Александра едва заставила себя вновь взяться за работу. Вдохновение ушло, теперь она механически отделывала эскиз, стараясь достичь формальной законченности, чтобы его не стыдно было подарить. В этом процессе участвовали лишь глаза и руки, мысли были далеко.
Сообщение о том, что Зворунская, возможно, вернулась в Пинск, ошеломило ее и отчего-то напугало. Художница так стремилась найти след этой девушки, прилагала для этого столько усилий… Но вот теперь, когда та, быть может, была рядом, Александра едва не впала в панику. Хотелось немедленно все бросить и уехать, куда угодно, лишь бы прочь из этого города. Кусая губы, она продолжала работать, чувствуя странную скованность в спине, тяжесть в затылке, – так бывало, если она чувствовала, что за ней наблюдают. И дело было не в зеваках, которые мало ее волновали.
«А если я все-таки смогу… Смогу с ней встретиться и сговориться, чтобы она показала и мне своих единорогов?! Ведь раз это не музейные гобелены, это ее собственность! Или она посредник. Да мне все равно, посредничает ли она какому-то вору или сама воровка! Лишь бы гобелены были целы! Увидеть их одним глазом, и я все пойму. Да, Павел… Что делать с Павлом?!»

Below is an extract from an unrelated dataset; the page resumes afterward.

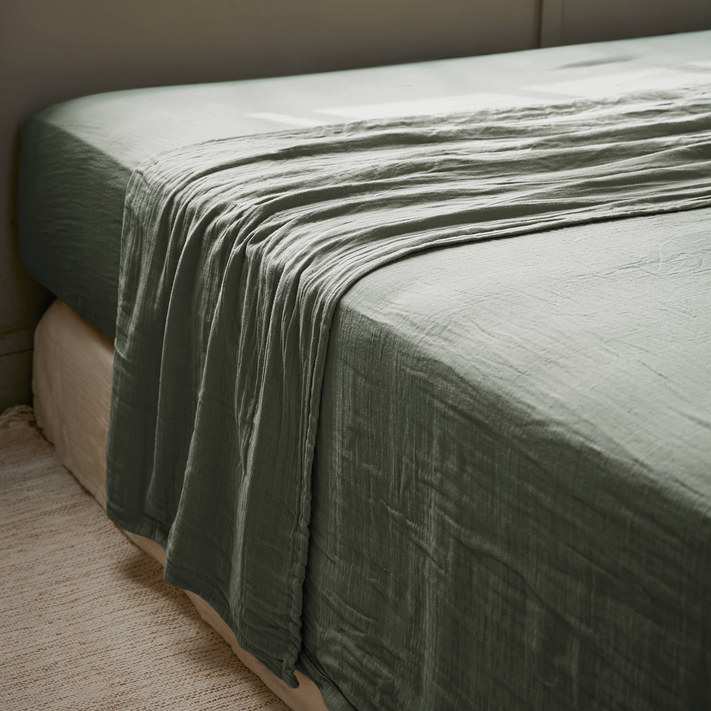Naturellement gaufré, ce drap plat en gaze de coton ne nécessite pas de repassage.

Эта мысль колола и жгла ее, как осиный укус. Художница с ужасом убедилась в том, что не чувствует ни малейшего побуждения позвонить антиквару и сообщить ему, что появились новости. «Он сам приказал мне бросить это дело, стало быть, все! Все… Я ничего ему больше не должна сообщать. Пусть ищет сам, нанимает кого-то еще, а я… Я могу действовать на свой страх и риск!»